Introducing the Datadog KEDA scaler

Keda Logo

What is KEDA

KEDA is a Kubernetes based Event Driven Autoscaler. It allows driving the horizontal pod autoscaling of any deployment in Kubernetes, acting as an Metrics Server for the Horizontal Pod Autoscaler.

What makes KEDA interesting is that it has a pluggable architecture, so there are a large (and increasing) number of “scalers” to choose from to drive your scaling events. KEDA scalers allow you to drive your scaling events based on a different types of events, like an AWS SQS queue length, or an Apache Kafka topic.

If you need to gather events from different sources for your scaling events, using KEDA might be a good option, as, currently, there is a limitation of one custom metric server per Kubernetes cluster.

Introducing the Datadog KEDA scaler

When I was researching this project, I realized that there wasn’t yet a Datadog scaler, and thought that it would be a fun project to hack on, and learn how KEDA works in the process. KEDA community was very helpful and welcoming, and they provided very useful feedback while I was working on the PR.

Available since KEDA 2.6, there is a Datadog KEDA scaler, so you can use KEDA to drive scaling events based on any Datadog metric, allowing to express a full Datadog query in the trigger specification:

triggers:
- type: datadog
  metadata:
    query: "sum:trace.redis.command.hits{env:none,service:redis}.as_count()"
    queryValue: "7"
    type: "global"
    age: "60"

The Datadog KEDA scaler uses Datadog’s public API to retrieve the metrics that will then be used to update the corresponding HPA object, created and managed by KEDA.

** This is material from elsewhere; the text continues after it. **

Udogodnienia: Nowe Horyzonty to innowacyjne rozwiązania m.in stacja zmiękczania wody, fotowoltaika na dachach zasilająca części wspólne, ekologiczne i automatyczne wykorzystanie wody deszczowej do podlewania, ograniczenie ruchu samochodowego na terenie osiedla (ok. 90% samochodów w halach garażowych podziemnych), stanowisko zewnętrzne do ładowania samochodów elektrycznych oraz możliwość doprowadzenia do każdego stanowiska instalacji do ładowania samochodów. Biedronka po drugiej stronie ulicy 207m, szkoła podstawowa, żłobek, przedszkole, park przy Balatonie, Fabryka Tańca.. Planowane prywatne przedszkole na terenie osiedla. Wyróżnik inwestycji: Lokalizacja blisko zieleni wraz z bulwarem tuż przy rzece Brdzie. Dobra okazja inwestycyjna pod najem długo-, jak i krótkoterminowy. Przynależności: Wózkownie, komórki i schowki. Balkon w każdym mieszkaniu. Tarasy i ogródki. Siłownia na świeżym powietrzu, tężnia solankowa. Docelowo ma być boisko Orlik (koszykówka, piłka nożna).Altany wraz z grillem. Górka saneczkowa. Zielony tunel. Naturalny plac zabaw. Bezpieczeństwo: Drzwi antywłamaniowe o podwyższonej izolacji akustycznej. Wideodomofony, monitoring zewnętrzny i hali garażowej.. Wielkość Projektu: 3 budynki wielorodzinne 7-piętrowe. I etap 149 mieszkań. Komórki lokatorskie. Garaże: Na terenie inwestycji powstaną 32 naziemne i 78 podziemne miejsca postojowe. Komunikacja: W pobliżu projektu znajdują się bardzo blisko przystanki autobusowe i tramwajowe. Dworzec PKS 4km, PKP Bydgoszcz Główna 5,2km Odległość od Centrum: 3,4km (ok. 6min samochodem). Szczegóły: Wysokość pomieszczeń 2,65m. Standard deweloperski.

Right now the KEDA scaler for Datadog can only drive scaling events based on metric values, but in the future it could be expanded to scale based on events, monitor status, etc.

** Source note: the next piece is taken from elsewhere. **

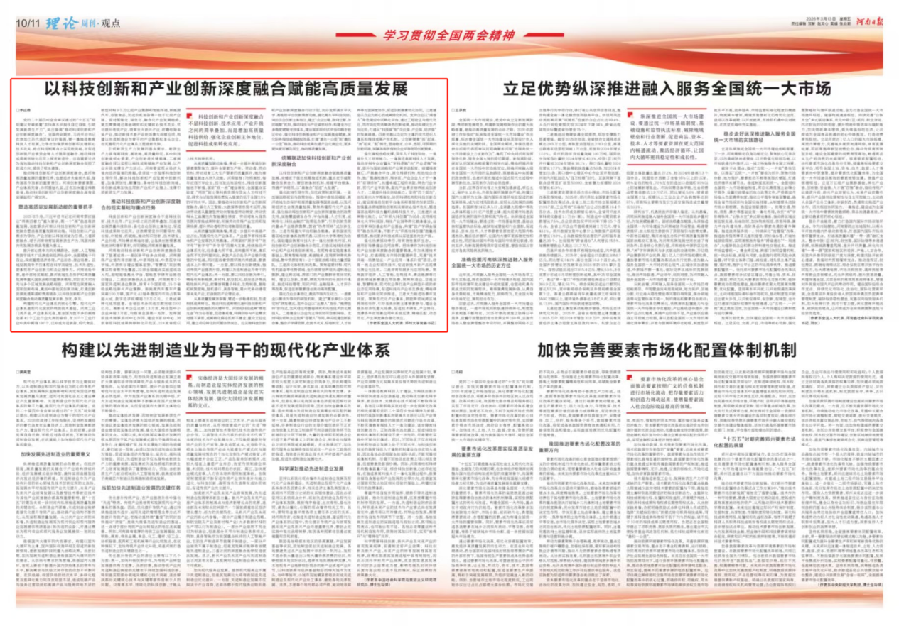 《河南日报》刊发李成伟代表文章:以科技创新和产业创新深度融合赋能高质量发展

Datadog’s Cluster Agent Custom Metrics Server

Even though there is now a Datadog KEDA scaler that can be used, the default, official, HPA implementation for Datadog continues to be the Cluster Agent.

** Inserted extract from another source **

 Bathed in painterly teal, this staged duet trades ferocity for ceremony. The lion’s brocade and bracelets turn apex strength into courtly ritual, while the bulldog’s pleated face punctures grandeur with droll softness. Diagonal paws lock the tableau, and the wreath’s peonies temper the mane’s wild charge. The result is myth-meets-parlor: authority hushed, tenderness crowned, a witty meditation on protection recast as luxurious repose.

Datadog recommends using the Cluster Agent as Custom Metrics Server, when possible, to drive the HPA based on Datadog metrics.

Summary

KEDA version 2.6 includes a new Datadog scaler that can be used to drive horizontal scaling events based on any metric available in Datadog. I will write a follow up blog post with a step by step how to use the Datadog KEDA scaler with a real example.